PRCH collaborates with faith-based organizations, cultural leaders, and community-defined networks to ensure that research, programs, and workforce development reflect the histories, values, and strengths of the communities they serve. We approach this work with humility and partnership, recognizing that sustainable systems change must be culturally grounded and community-defined.

Community-Based Participatory and Community-Engaged Research

Research and practice are strongest when conducted with communities, not merely about them. At PRCH, community-based participatory research (CBPR) and community-engaged research and practice (CEnR) guide how we design studies, develop programs, train leaders, and inform policy.

Our approach emphasizes authentic community connection, shared decision-making, co-design, and co-production. People directly affected by the issues we address are partners throughout the entire process—from identifying priorities and shaping research questions to interpreting findings and implementing solutions. Engagement is not a single phase of a project; it is foundational to how we work.

Community-engaged research and practice extend beyond formal studies to include workforce development, peer support training, technical assistance, leadership academies, and policy consultation. By grounding our work in long-term relationships and shared accountability, we ensure that our efforts are relevant, rigorous, actionable, and responsive to community-defined priorities.

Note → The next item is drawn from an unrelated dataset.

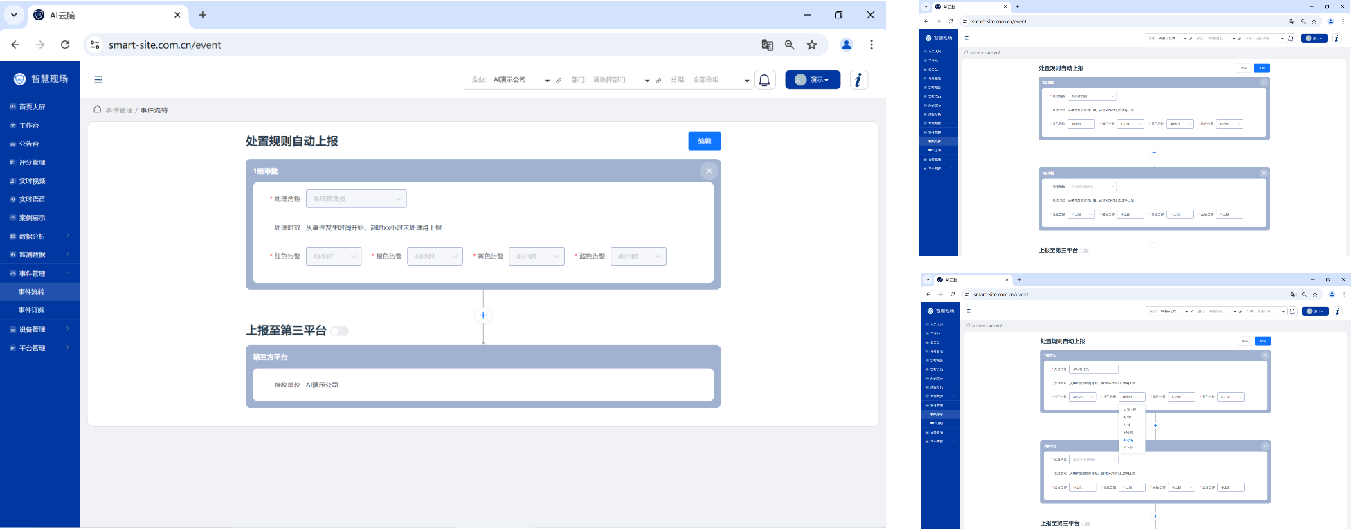 1、事件流转:支持事件的多级规则上报;支持事件按照处理角色、告警级别、处置时效进行分级上报;支持事件按规则上报到第三方平台;支持事件流转规则的自定义修改。

Co-production strengthens trust, improves scientific integrity, and increases the likelihood that research and practice lead to sustainable systems transformation. At PRCH, community partnership is not an add-on—it is central to all that we do.

Moving Forward

Together, these principles guide PRCH’s commitment to advancing recovery, strengthening citizenship, elevating lived expertise, and transforming behavioral health systems through rigorous research, community partnership, and leadership development.